Task requirements: Transcribe the lines below verbatim, skipping the images.

Data excerpt:
★ ★ ★
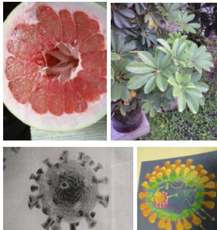
Cancer cell bacteria

The air inside HIV is rushed out of the small stomata on the cell shell by centrifugal force. Because the air is blocked by the body such as the skin, the air flow is outside the HIV shell and swirls into HIV crowns. For example, the first picture is the fruit of a plant. It is also based on the six force fields on the ellipse diagram. There are also three masses of large, medium and small. The energy that is copied is how many small molecules are copied, which are arranged in sequence. When the hot air flow from the outside of each crown moves towards the center of the cell, the vortex at low temperature accelerates the vortex into the eccentric cavity field of the cell, and it is formed by the vortex system like multiple spiral arms of the starfish, which will make the eccentric cavity field last time. When the sub-cyclone clusters
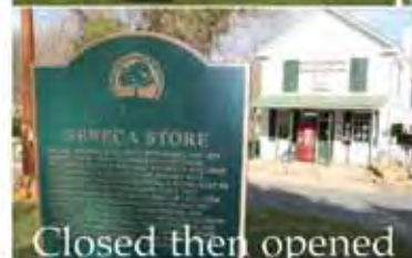
Closed then opened
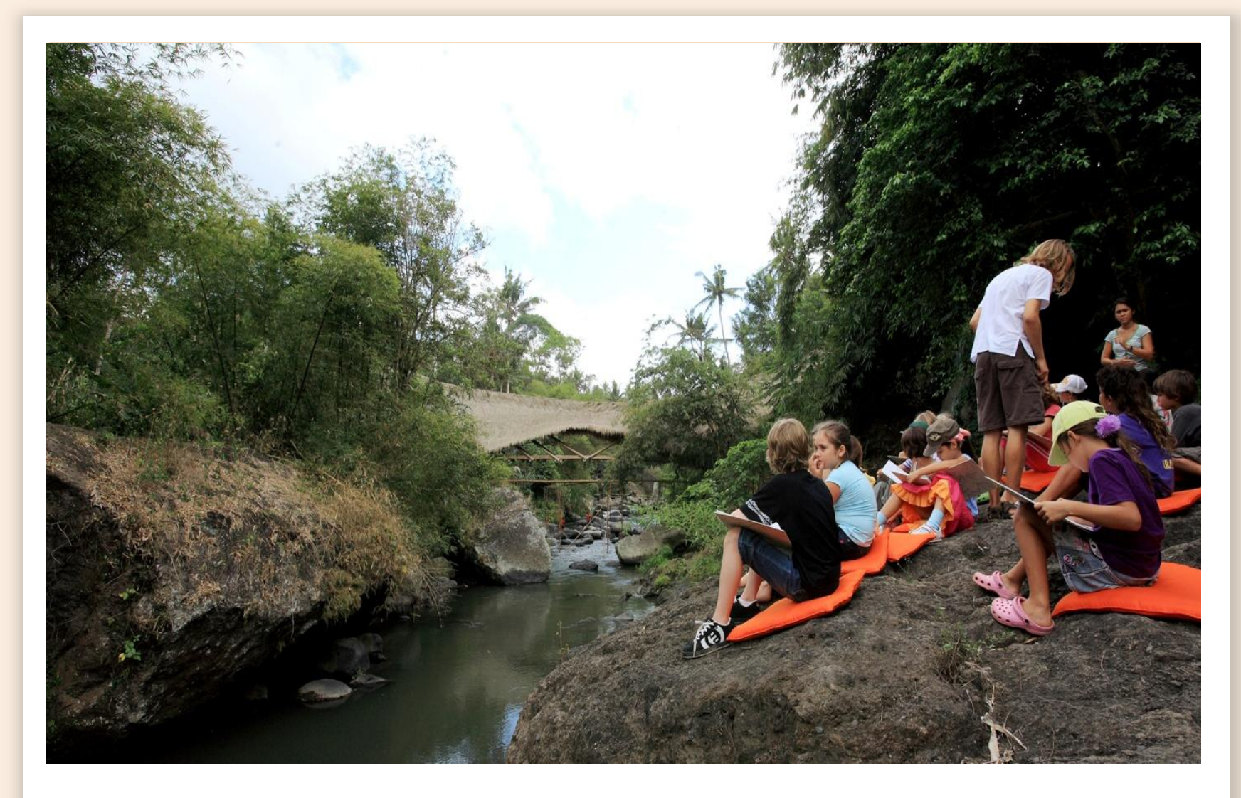
Reconnecting young people with nature
★ ★ ★
Exercise output:
Cancer cell bacteria

The air inside HIV is rushed out of the small stomata on the cell shell by centrifugal force. Because the air is blocked by the body such as the skin, the air flow is outside the HIV shell and swirls into HIV crowns. For example, the first picture is the fruit of a plant. It is also based on the six force fields on the ellipse diagram. There are also three masses of large, medium and small. The energy that is copied is how many small molecules are copied, which are arranged in sequence. When the hot air flow from the outside of each crown moves towards the center of the cell, the vortex at low temperature accelerates the vortex into the eccentric cavity field of the cell, and it is formed by the vortex system like multiple spiral arms of the starfish, which will make the eccentric cavity field last time. When the sub-cyclone clusters
Closed then opened
Reconnecting young people with nature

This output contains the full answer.